◆ WHAT IS REQUIRED: Reproduce the data exactly and drop any pictures it holds.
(INFORMATION PROVIDED begins)
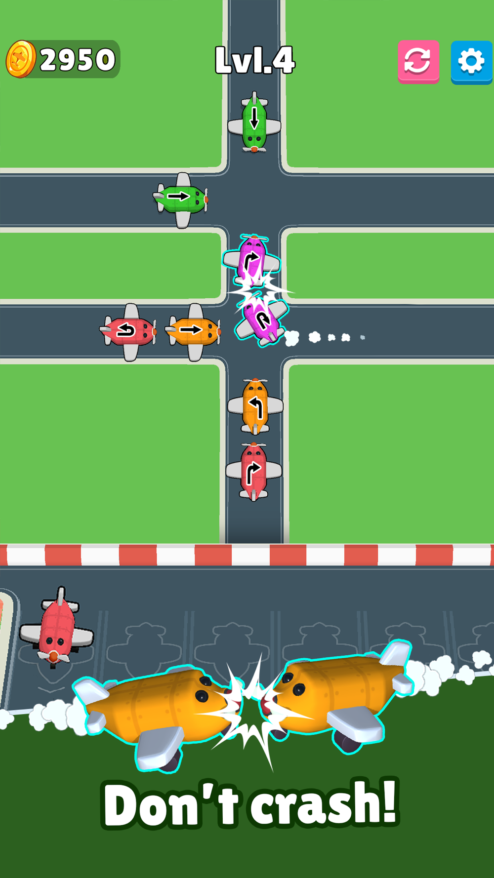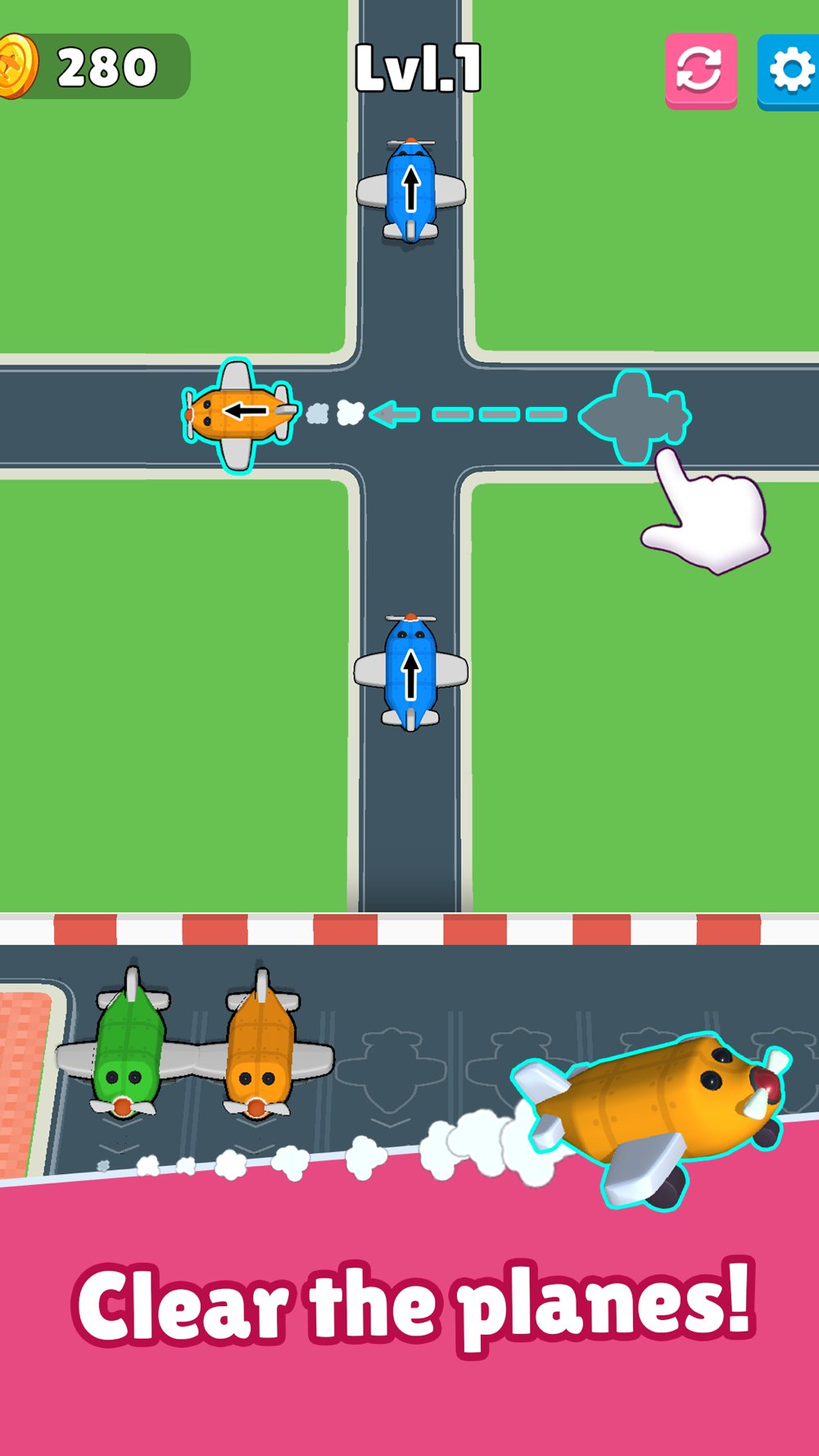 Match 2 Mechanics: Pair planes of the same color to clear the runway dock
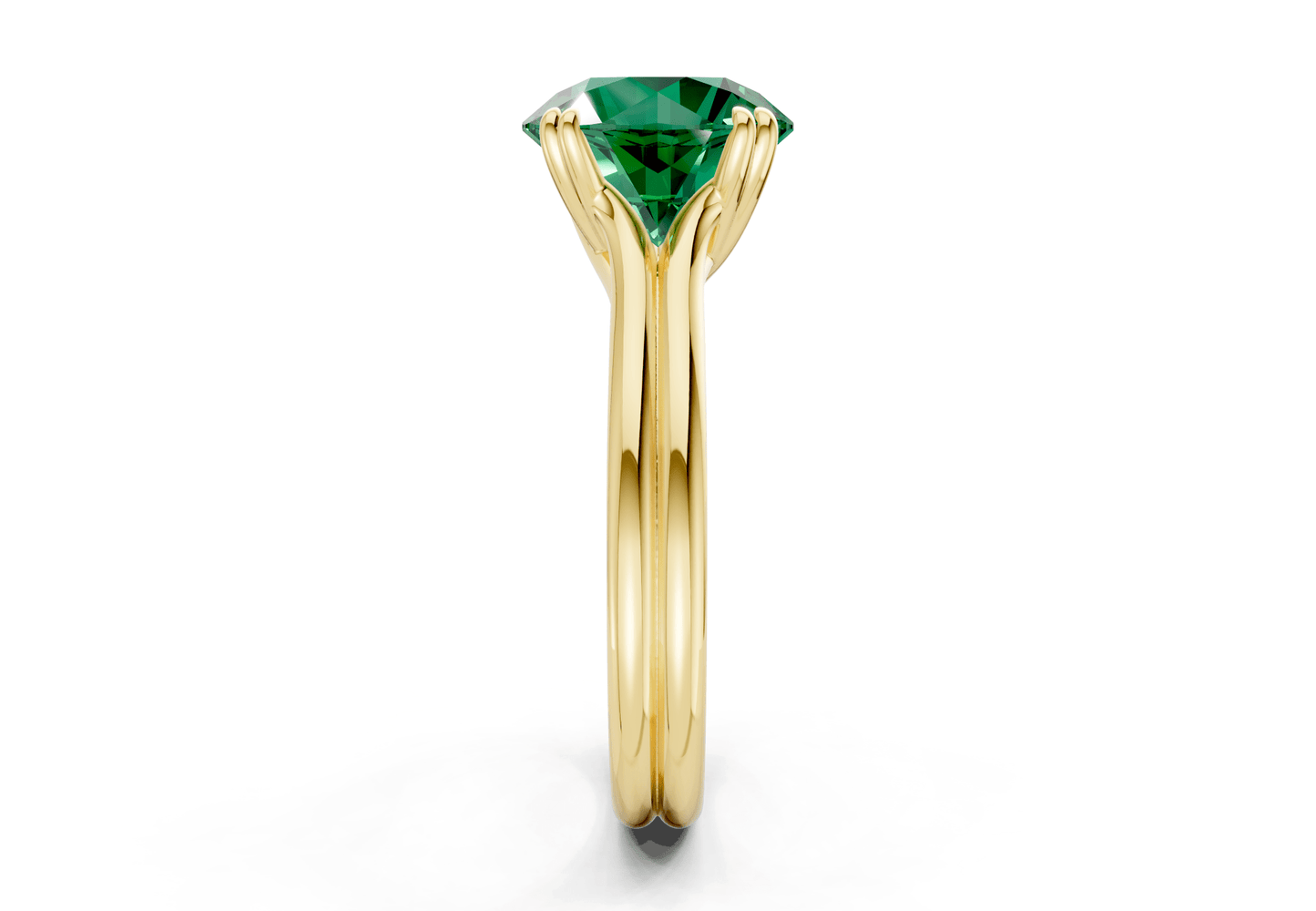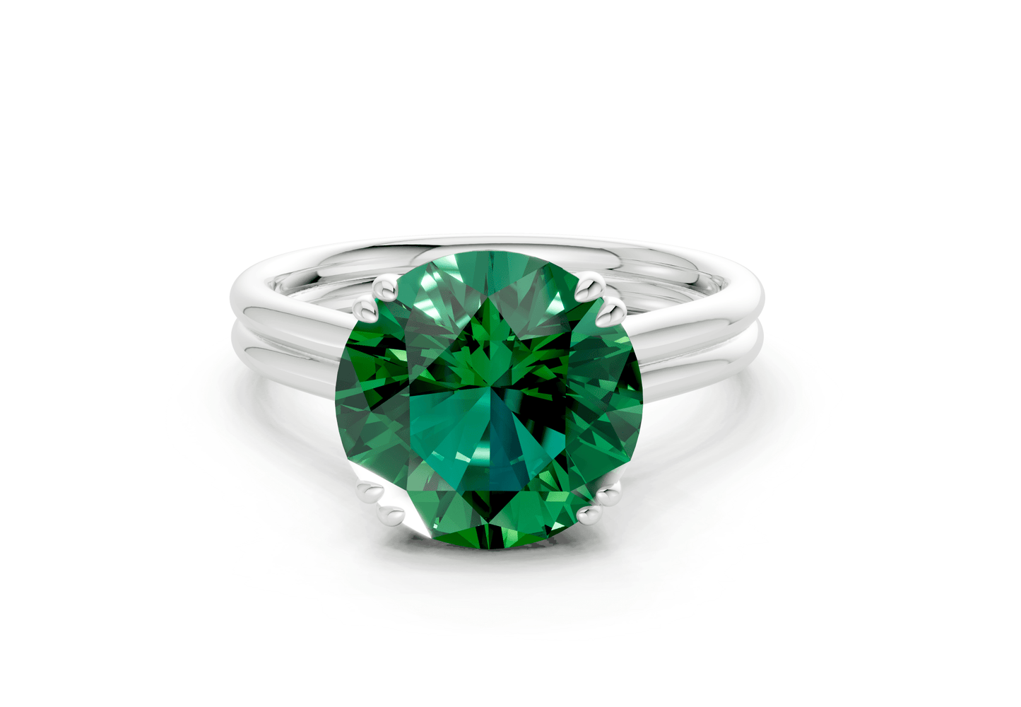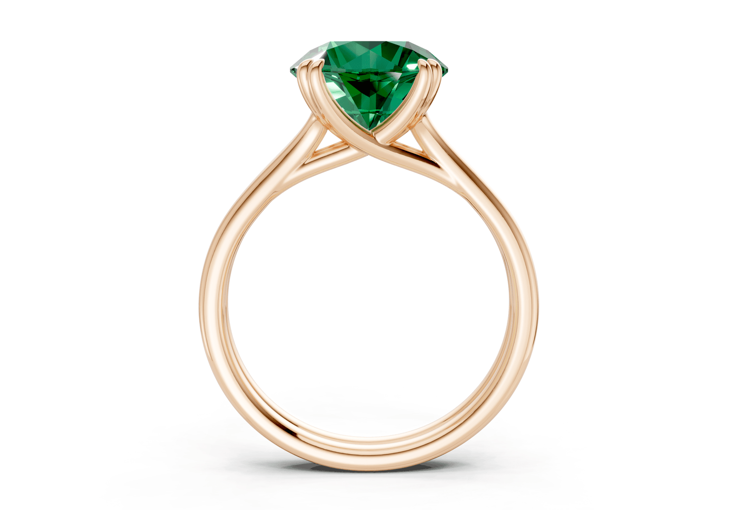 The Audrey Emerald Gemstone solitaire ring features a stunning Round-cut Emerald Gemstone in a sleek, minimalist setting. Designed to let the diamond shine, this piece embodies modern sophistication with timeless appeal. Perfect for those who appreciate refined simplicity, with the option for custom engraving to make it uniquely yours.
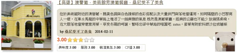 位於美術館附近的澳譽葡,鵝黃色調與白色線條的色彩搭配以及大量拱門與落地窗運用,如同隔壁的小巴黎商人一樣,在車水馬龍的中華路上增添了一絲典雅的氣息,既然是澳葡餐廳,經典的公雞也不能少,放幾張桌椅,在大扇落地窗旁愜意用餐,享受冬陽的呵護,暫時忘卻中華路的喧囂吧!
(INFORMATION PROVIDED ends)
◆ ANSWER SPACE:
 Match 2 Mechanics: Pair planes of the same color to clear the runway dock
 The Audrey Emerald Gemstone solitaire ring features a stunning Round-cut Emerald Gemstone in a sleek, minimalist setting. Designed to let the diamond shine, this piece embodies modern sophistication with timeless appeal. Perfect for those who appreciate refined simplicity, with the option for custom engraving to make it uniquely yours.
 位於美術館附近的澳譽葡,鵝黃色調與白色線條的色彩搭配以及大量拱門與落地窗運用,如同隔壁的小巴黎商人一樣,在車水馬龍的中華路上增添了一絲典雅的氣息,既然是澳葡餐廳,經典的公雞也不能少,放幾張桌椅,在大扇落地窗旁愜意用餐,享受冬陽的呵護,暫時忘卻中華路的喧囂吧!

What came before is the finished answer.